Soou um tiro. Um bala que rasga com estrondo a brancura do dia. Um rastilho de faíscas se liberta, antecedendo com pompa, o ruído ensurdecedor do disparo. Tudo pára naquele momento: o olhar da vítima se detém: nem um pestanejo, nem um suspiro, nem uma gota de suor se derrama...nada se move, o tempo pára. E, no entanto, tudo muda como uma vaga gigante que se abate sobre a costa. De um momento de inércia, grandes mudanças se operam, e nada retornará ao princípio, se houve sequer um princípio.

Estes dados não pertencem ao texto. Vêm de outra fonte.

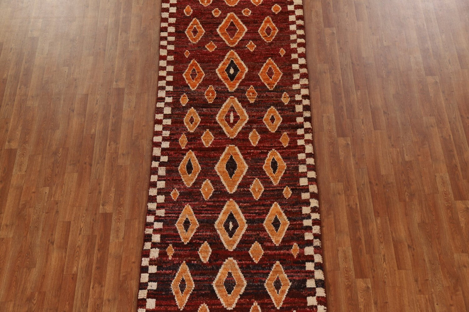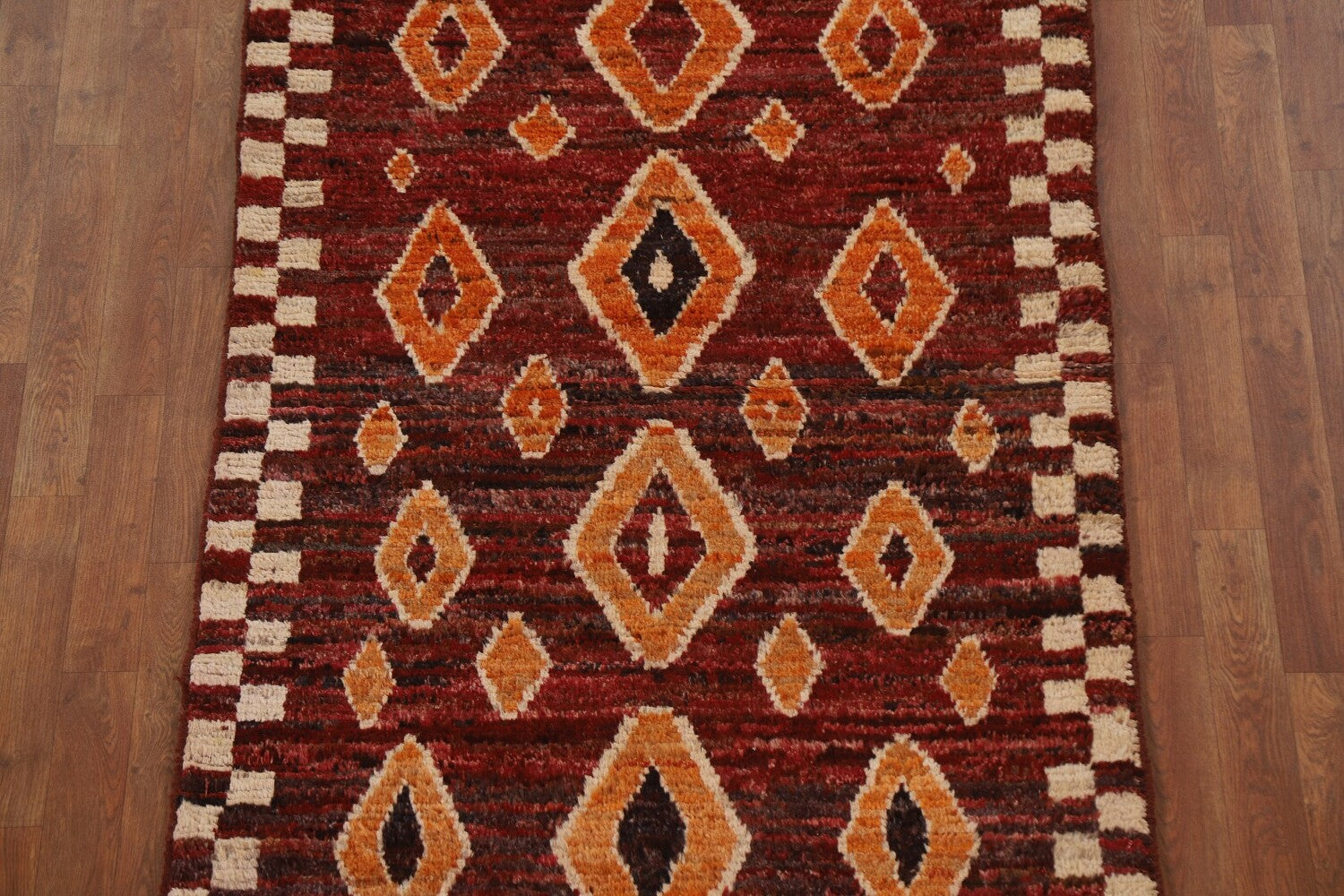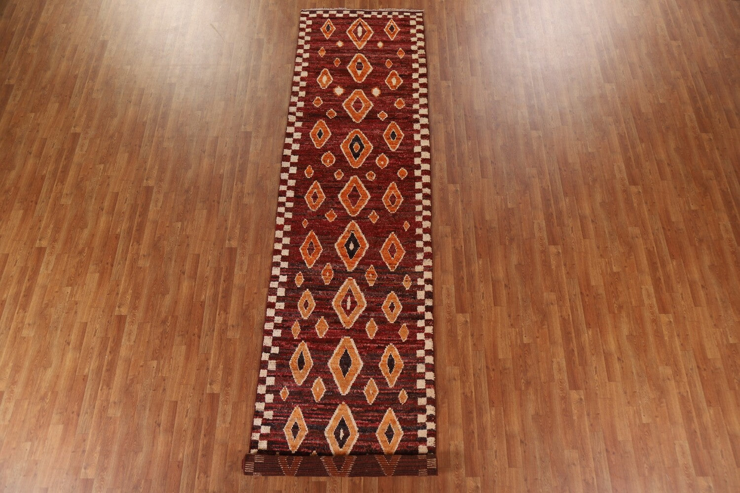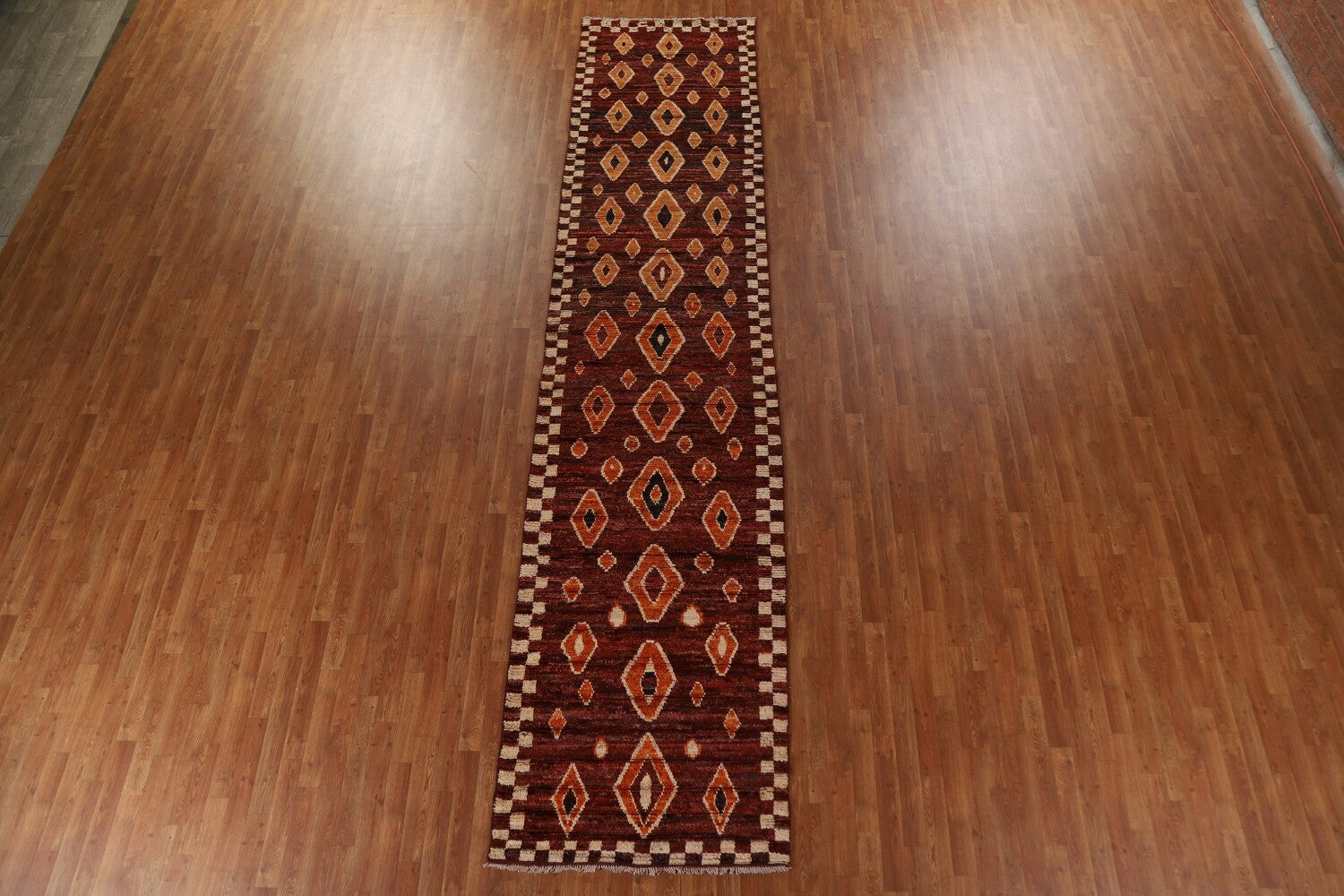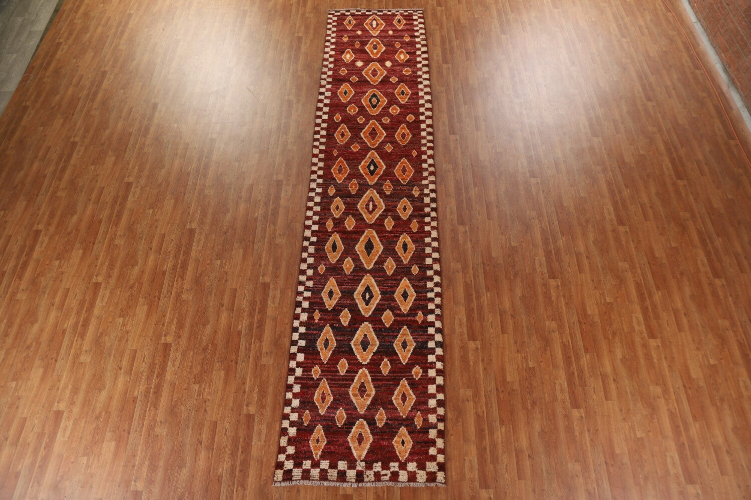 Burgundy Red Moroccan Geometric Runner Rug 4x16

Uma bala atingiu uma superfície de atrito. Penetrou a pele, escavou caminhos em tecidos antes intricadamente unos, estilhaçou ossos e, do impacto, uma explosão, que derivou em todos os sentidos.
Um novo lugar no mundo se cria. A bala chegou ao seu destino e deixou um rasto de destroços. Ao longe, um ténue bater de um coração cansado, que bombeia em último fôlego, um sangue que se perde inexoravelmente, por vasos corrompidos, gotejantes de vida que se esvai. Um lampejo de consciência atravessa atirador e vítima, miram-se, actores num filme exterior a si mesmos, num fio condutor de fim imprevisível. Um clarão de lucidez se ergue como um olhar de culpa, dois condenados que se despedem a da vida, tal como ela era.
Assim é quando se destrói com palavras e com espadas tudo o que foi criado. Quando se dá um passo em falso, quando se passa o ponto do não de retorno. Quando se vê que a vida passou e foi e seguiu...e assim se falou, se feriu, se escolheu. E tudo mudou. Cabe-nos a todos a vez de disparar. Uns escolhem a vítima, outras vítimas se plantam com o peito a descoberto, desejando balas que silenciem a dor. Uns escolhem disparar em contranatura, serem eles mesmos a vítima e o atirador, num só.
Mas todos nós, uma ou outra vez na vida, empunhamos armas, e disparamos, e carregamos balas...
Porque todos os que amam são exímios atiradores e, ao mesmo tempo, perfeitas vítimas.